# Data for processing
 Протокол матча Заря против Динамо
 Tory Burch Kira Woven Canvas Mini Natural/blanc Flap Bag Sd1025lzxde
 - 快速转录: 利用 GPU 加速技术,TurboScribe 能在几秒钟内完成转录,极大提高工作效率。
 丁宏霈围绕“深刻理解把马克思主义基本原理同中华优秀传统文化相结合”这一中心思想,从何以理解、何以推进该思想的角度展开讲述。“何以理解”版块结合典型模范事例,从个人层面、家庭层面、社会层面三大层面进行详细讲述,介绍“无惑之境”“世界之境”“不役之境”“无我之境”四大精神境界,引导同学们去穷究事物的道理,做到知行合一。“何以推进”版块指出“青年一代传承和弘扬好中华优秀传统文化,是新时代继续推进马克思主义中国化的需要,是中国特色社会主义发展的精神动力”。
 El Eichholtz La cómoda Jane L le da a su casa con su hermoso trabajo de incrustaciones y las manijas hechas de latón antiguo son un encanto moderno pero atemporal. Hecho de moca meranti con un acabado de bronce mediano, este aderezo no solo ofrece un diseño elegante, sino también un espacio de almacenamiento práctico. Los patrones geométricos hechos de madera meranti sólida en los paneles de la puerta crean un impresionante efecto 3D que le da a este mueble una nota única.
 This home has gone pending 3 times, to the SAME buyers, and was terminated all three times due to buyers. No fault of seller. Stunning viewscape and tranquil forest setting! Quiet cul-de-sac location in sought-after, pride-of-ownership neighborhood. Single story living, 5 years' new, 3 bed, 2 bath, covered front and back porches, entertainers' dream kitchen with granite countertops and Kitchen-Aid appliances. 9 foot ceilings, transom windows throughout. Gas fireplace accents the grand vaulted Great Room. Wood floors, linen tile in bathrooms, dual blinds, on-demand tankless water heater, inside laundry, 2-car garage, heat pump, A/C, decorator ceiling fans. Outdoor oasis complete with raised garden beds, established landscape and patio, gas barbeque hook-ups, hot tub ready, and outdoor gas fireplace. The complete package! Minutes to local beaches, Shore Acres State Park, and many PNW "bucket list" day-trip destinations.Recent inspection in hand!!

...

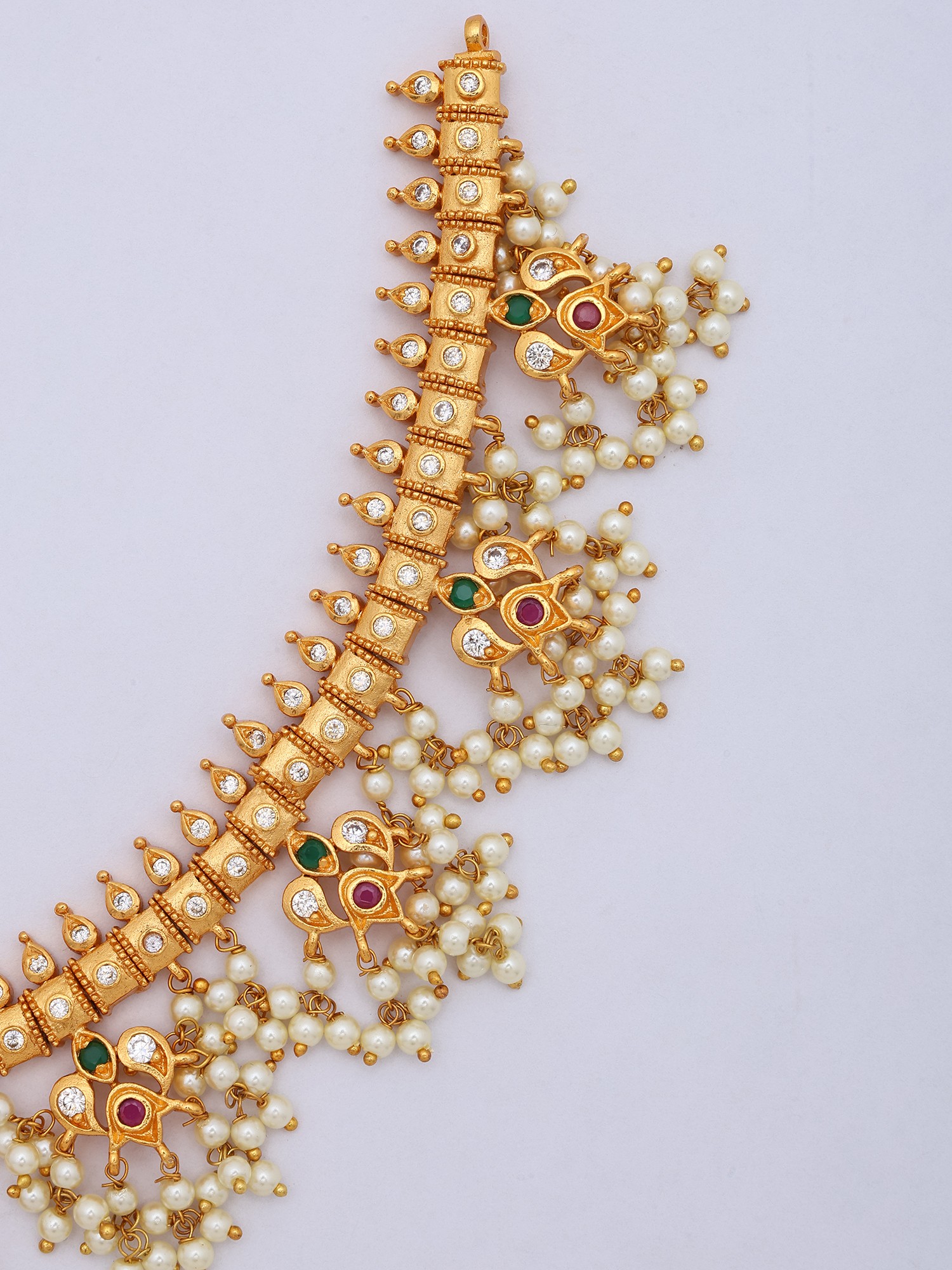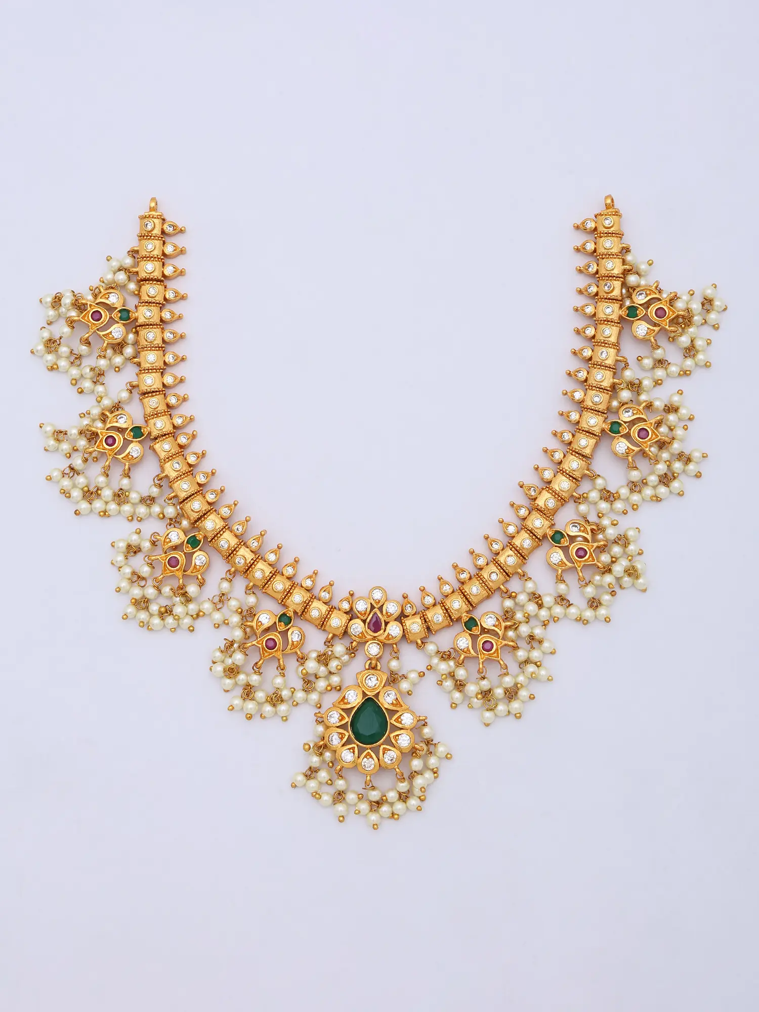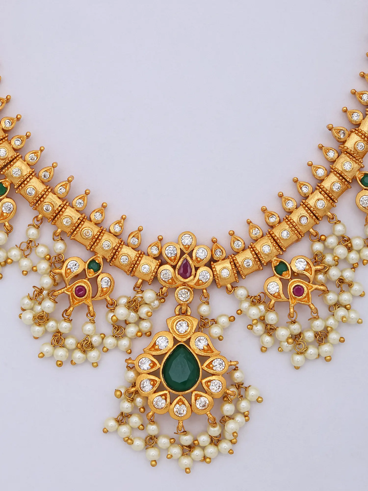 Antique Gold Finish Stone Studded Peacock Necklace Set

# Task goal
Return, unchanged, the run of lines above that opens with the line containing "Протокол матча Заря против Динамо" and closes with the line containing "This home has". Include both.

# Exercise solution
 Протокол матча Заря против Динамо
 Tory Burch Kira Woven Canvas Mini Natural/blanc Flap Bag Sd1025lzxde
 - 快速转录: 利用 GPU 加速技术,TurboScribe 能在几秒钟内完成转录,极大提高工作效率。
 丁宏霈围绕“深刻理解把马克思主义基本原理同中华优秀传统文化相结合”这一中心思想,从何以理解、何以推进该思想的角度展开讲述。“何以理解”版块结合典型模范事例,从个人层面、家庭层面、社会层面三大层面进行详细讲述,介绍“无惑之境”“世界之境”“不役之境”“无我之境”四大精神境界,引导同学们去穷究事物的道理,做到知行合一。“何以推进”版块指出“青年一代传承和弘扬好中华优秀传统文化,是新时代继续推进马克思主义中国化的需要,是中国特色社会主义发展的精神动力”。
 El Eichholtz La cómoda Jane L le da a su casa con su hermoso trabajo de incrustaciones y las manijas hechas de latón antiguo son un encanto moderno pero atemporal. Hecho de moca meranti con un acabado de bronce mediano, este aderezo no solo ofrece un diseño elegante, sino también un espacio de almacenamiento práctico. Los patrones geométricos hechos de madera meranti sólida en los paneles de la puerta crean un impresionante efecto 3D que le da a este mueble una nota única.
 This home has gone pending 3 times, to the SAME buyers, and was terminated all three times due to buyers. No fault of seller. Stunning viewscape and tranquil forest setting! Quiet cul-de-sac location in sought-after, pride-of-ownership neighborhood. Single story living, 5 years' new, 3 bed, 2 bath, covered front and back porches, entertainers' dream kitchen with granite countertops and Kitchen-Aid appliances. 9 foot ceilings, transom windows throughout. Gas fireplace accents the grand vaulted Great Room. Wood floors, linen tile in bathrooms, dual blinds, on-demand tankless water heater, inside laundry, 2-car garage, heat pump, A/C, decorator ceiling fans. Outdoor oasis complete with raised garden beds, established landscape and patio, gas barbeque hook-ups, hot tub ready, and outdoor gas fireplace. The complete package! Minutes to local beaches, Shore Acres State Park, and many PNW "bucket list" day-trip destinations.Recent inspection in hand!!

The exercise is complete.